This work addresses the challenge of controlling dexterous multi-fingered hands in millimeter-precision tasks—such as bimanual piano playing—where control often fails due to the scarcity of high-quality real-world data and the difficulty of sim-to-real transfer. To overcome this, the authors propose HandelBot, a two-stage framework that first performs structured joint-space alignment through physical experiments and then refines fine motor skills via residual reinforcement learning. Using only 30 minutes of real-world interaction data, HandelBot achieves high-fidelity performance across five standard piano pieces, outperforming direct simulation-to-reality deployment by a factor of 1.8. The key innovation lies in the integration of structured fine-tuning with residual learning, which substantially enhances the real-world adaptability of simulation-pretrained policies in precision manipulation tasks.

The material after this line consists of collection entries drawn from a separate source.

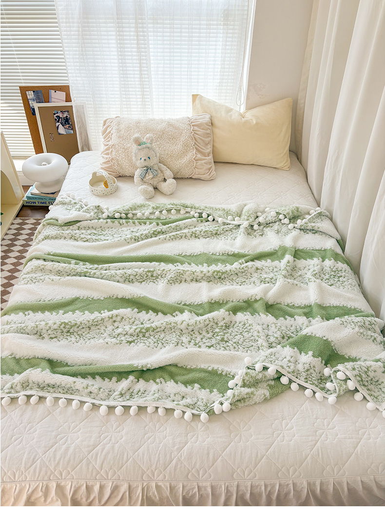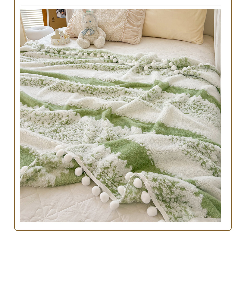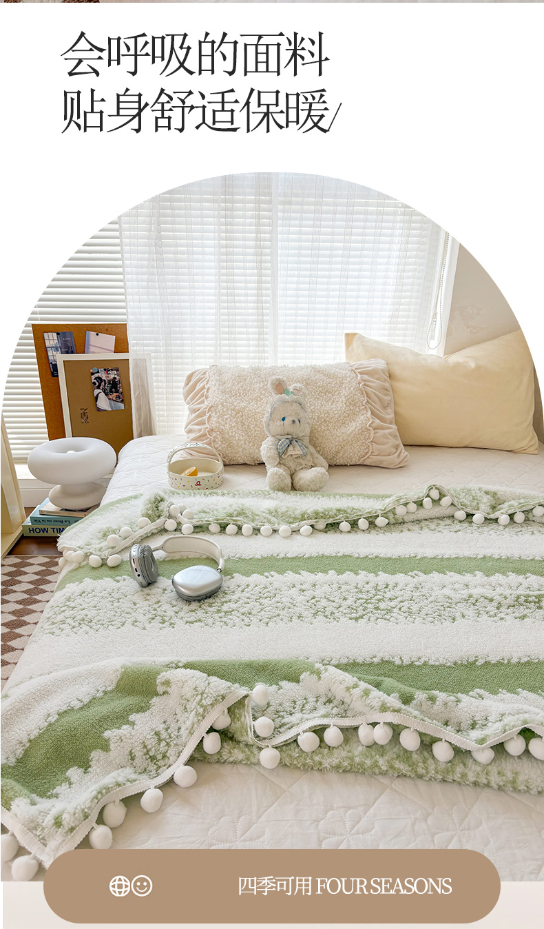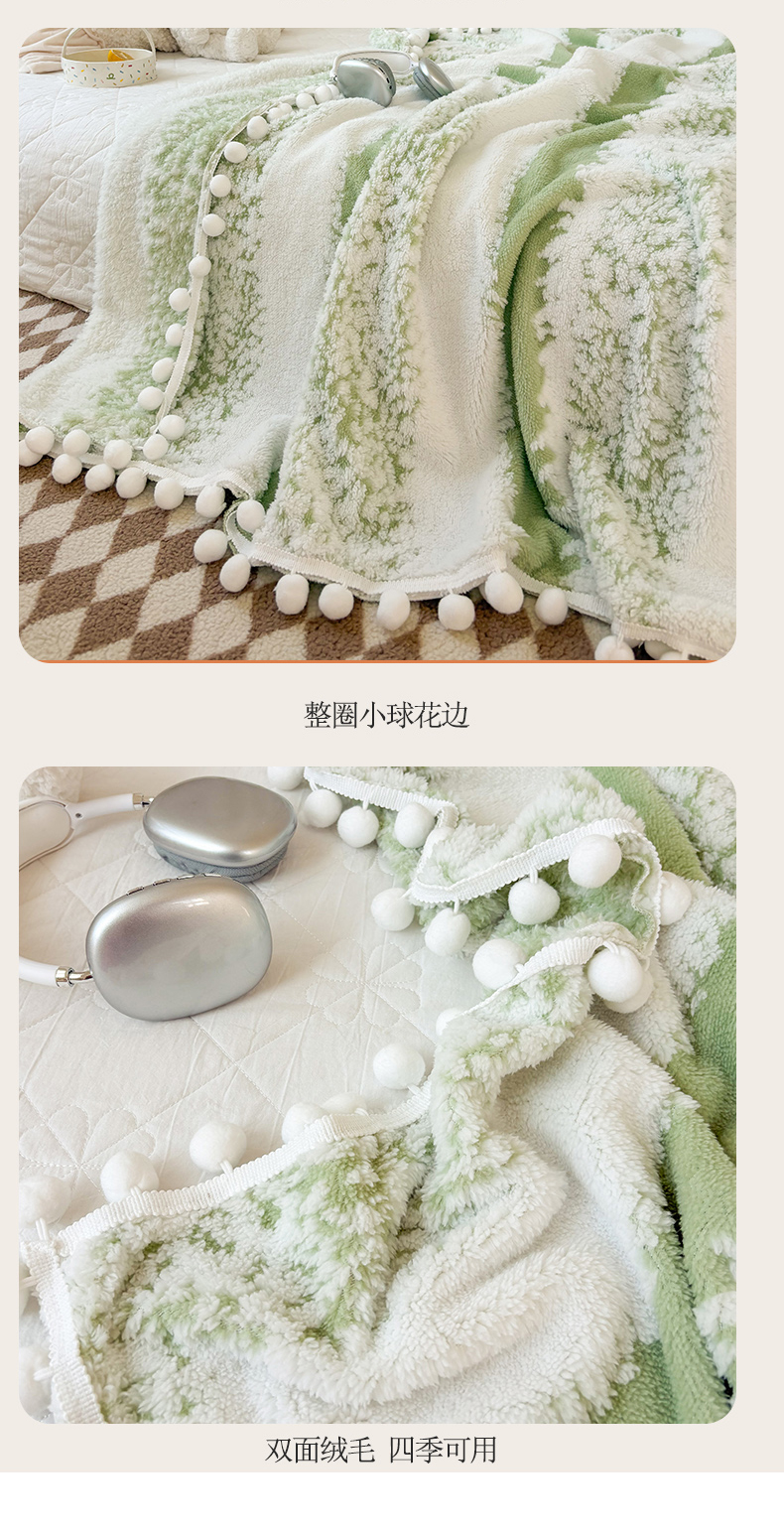 (总)潮邦创意家居 2025新款 奶芙绒流苏球毛毯,薄荷绿,焦糖咖,绵云白,浅蓝灰,深暮灰,甜莓粉
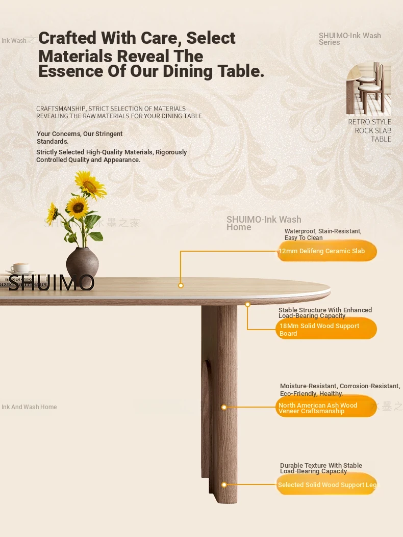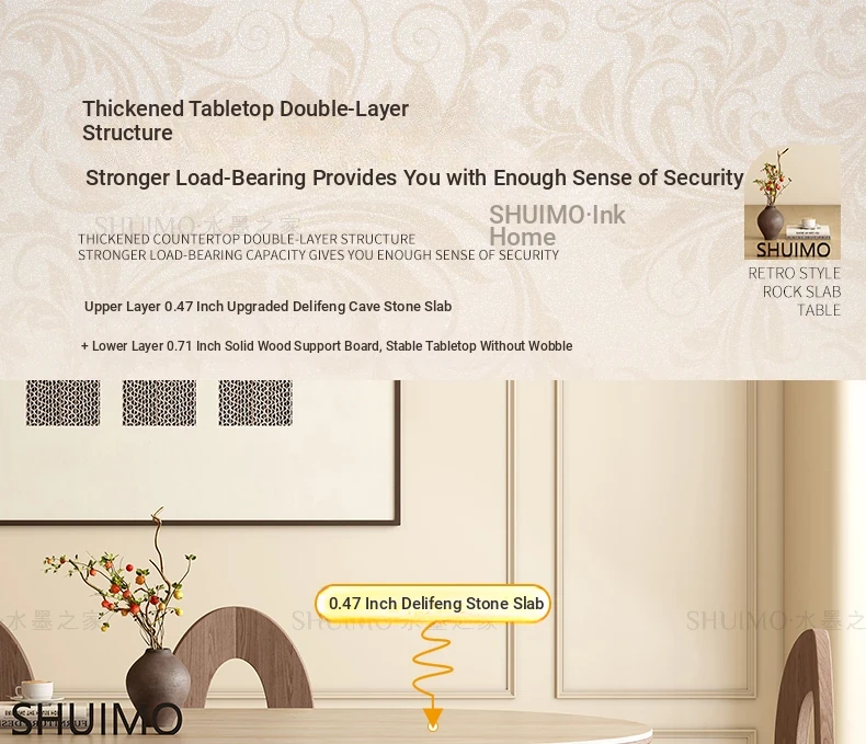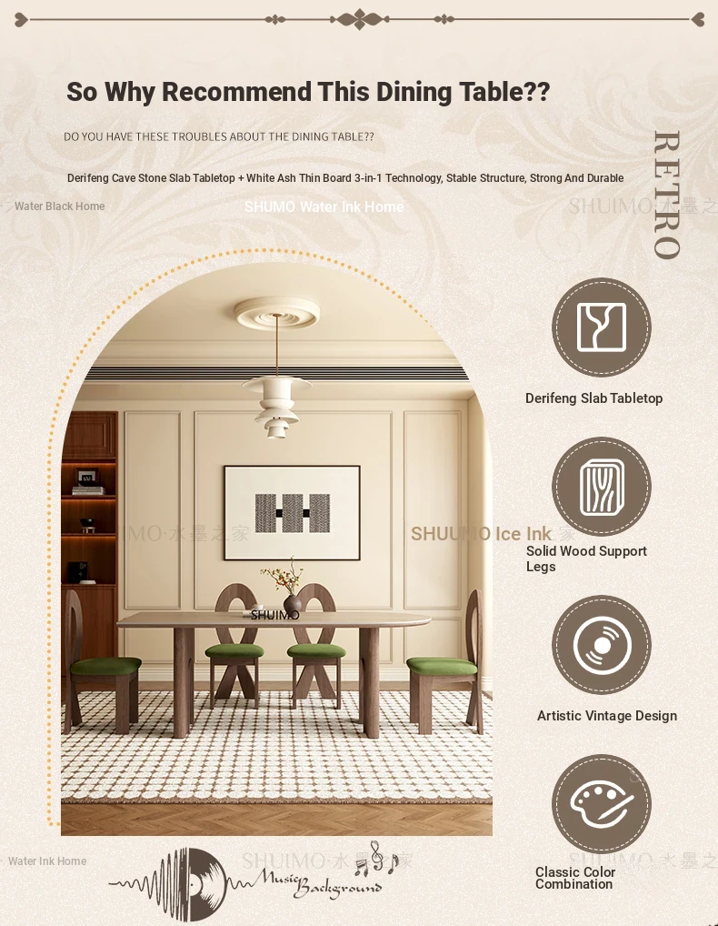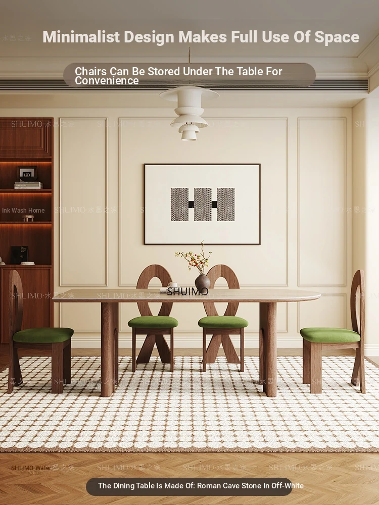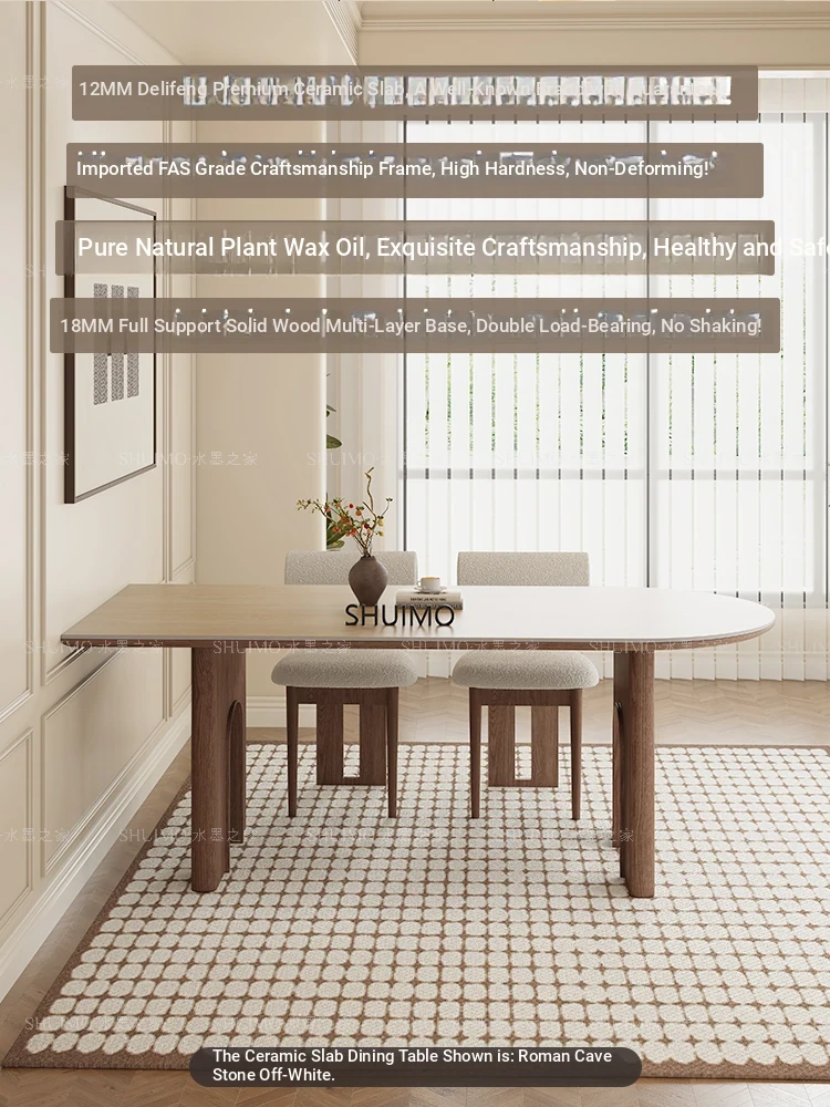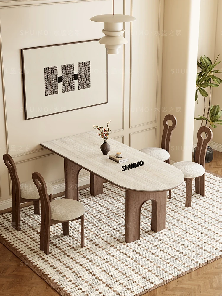 Delifeng Rock Plate French Style Dining Table - Elegant Cream Oval Rectangular Table for Small Spaces, Perfect for Your Living Room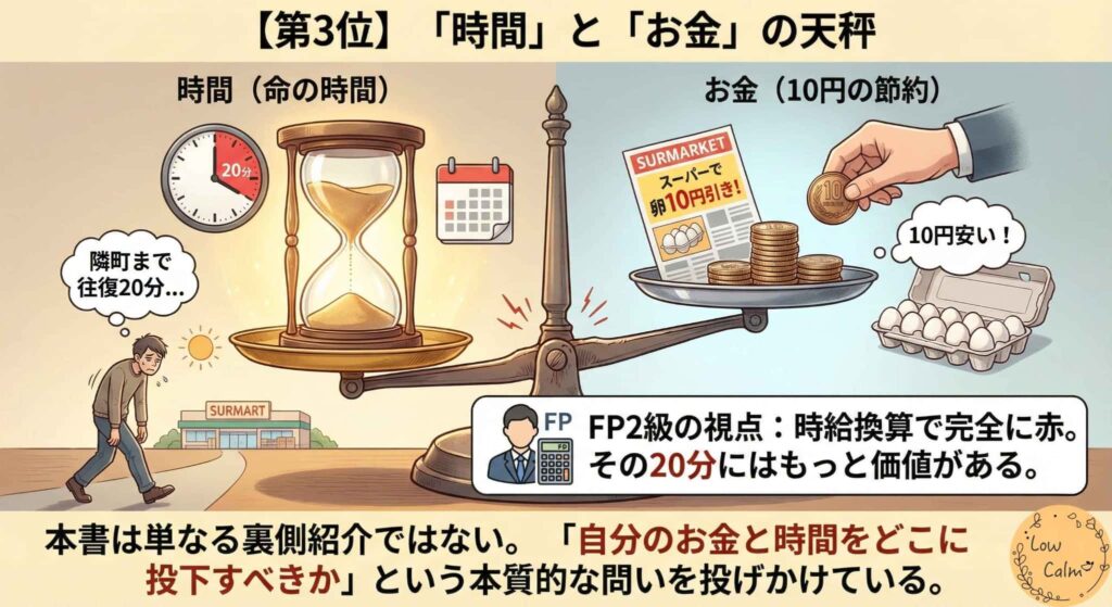 本書を読み進めるうちに「10円安い卵を求めて、隣町のスーパーまで20分かけて行くこと」の合理性に疑問符がつきます。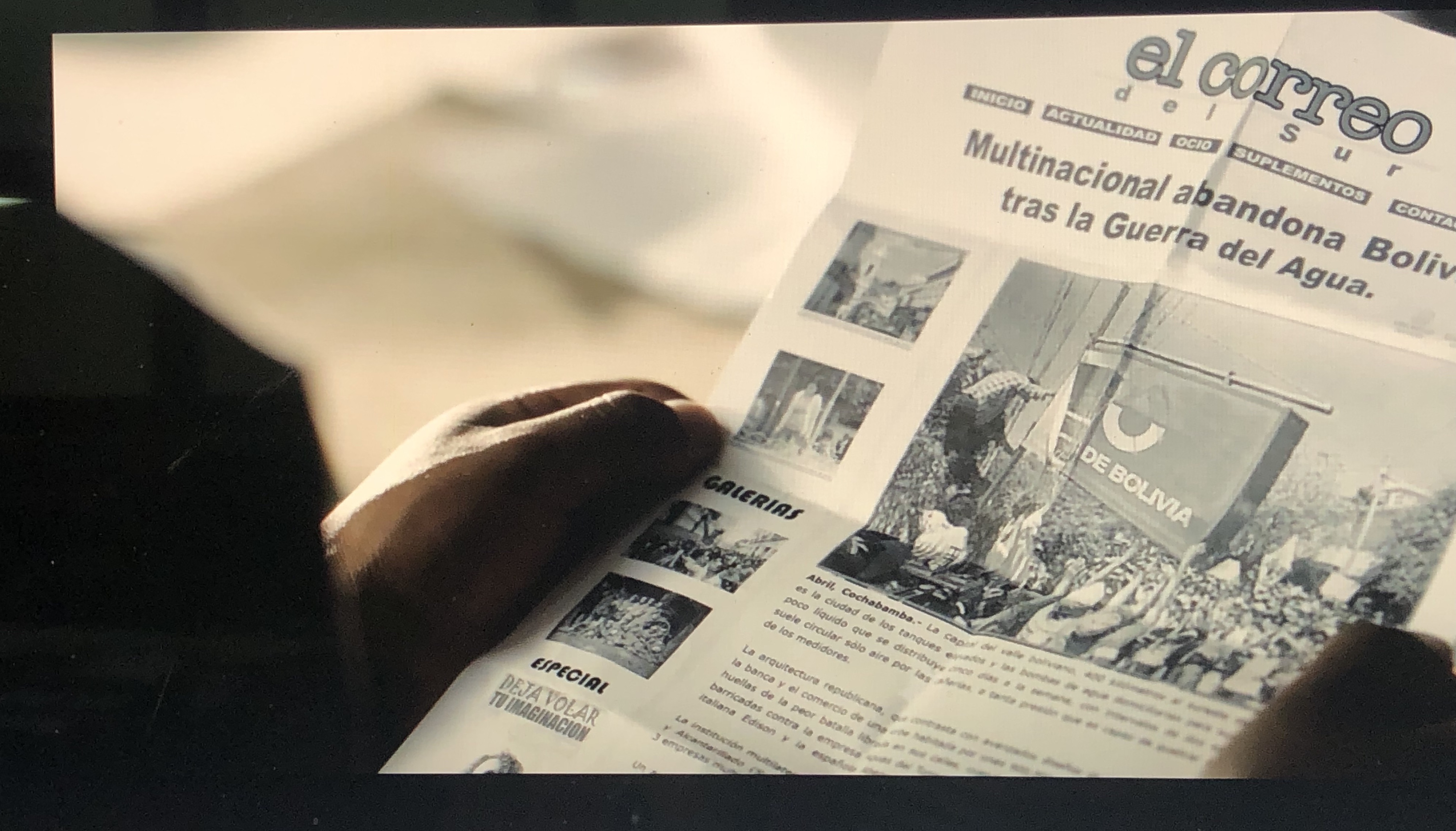 《雨,也是》如此鋪陳的楔子,其實是為了 2000 年 1-4 月發生在科恰班巴的「水資源戰爭」佈局。「水資源戰爭」的引爆點在於世界銀行對波利維亞紓困的附帶條件,必須將水資源私有化。因此,美國最大的建築工程公司貝泰(Bechtel)和玻國總統烏戈・班塞爾(Hugo Banzer)政府簽約,殊不知貝泰背後所依賴的靠山是科恰班巴西邊的杜納利國家公園水源區。「杜納利水公司」(Aguas de Tunari)一年可以供應 4 億 9 千萬立方米的水給科恰班巴和其他城市,但是卻被貪腐的政府、財團和跨國投機商分杯羹而剝奪殆盡。民生用水費用從 50% 漲到 300%,致使許多家庭無法支撐孩童上學,因缺水而造成的骨牌災難接踵而至,迫使科恰班巴的居民走上街頭; 無法無天的政策讓「公民不服從」,加上許多居民為原住民,更讓人民感到遭受歧視和壓迫,一句「我們什麼都被剝奪,連雨也是,根本無法集水…」,因此,唯有訴諸暴力反抗,形成社會和國際輿論壓力方有解套希望。

Mastering dexterous manipulation with multi-fingered hands has been a grand challenge in robotics for decades. Despite its potential, the difficulty of collecting high-quality data remains a primary bottleneck for high-precision tasks. While reinforcement learning and simulation-to-real-world transfer offer a promising alternative, the transferred policies often fail for tasks demanding millimeter-scale precision, such as bimanual piano playing. In this work, we introduce HandelBot, a framework that combines a simulation policy and rapid adaptation through a two-stage pipeline. Starting from a simulation-trained policy, we first apply a structured refinement stage to correct spatial alignments by adjusting lateral finger joints based on physical rollouts. Next, we use residual reinforcement learning to autonomously learn fine-grained corrective actions. Through extensive hardware experiments across five recognized songs, we demonstrate that HandelBot can successfully perform precise bimanual piano playing. Our system outperforms direct simulation deployment by a factor of 1.8x and requires only 30 minutes of physical interaction data.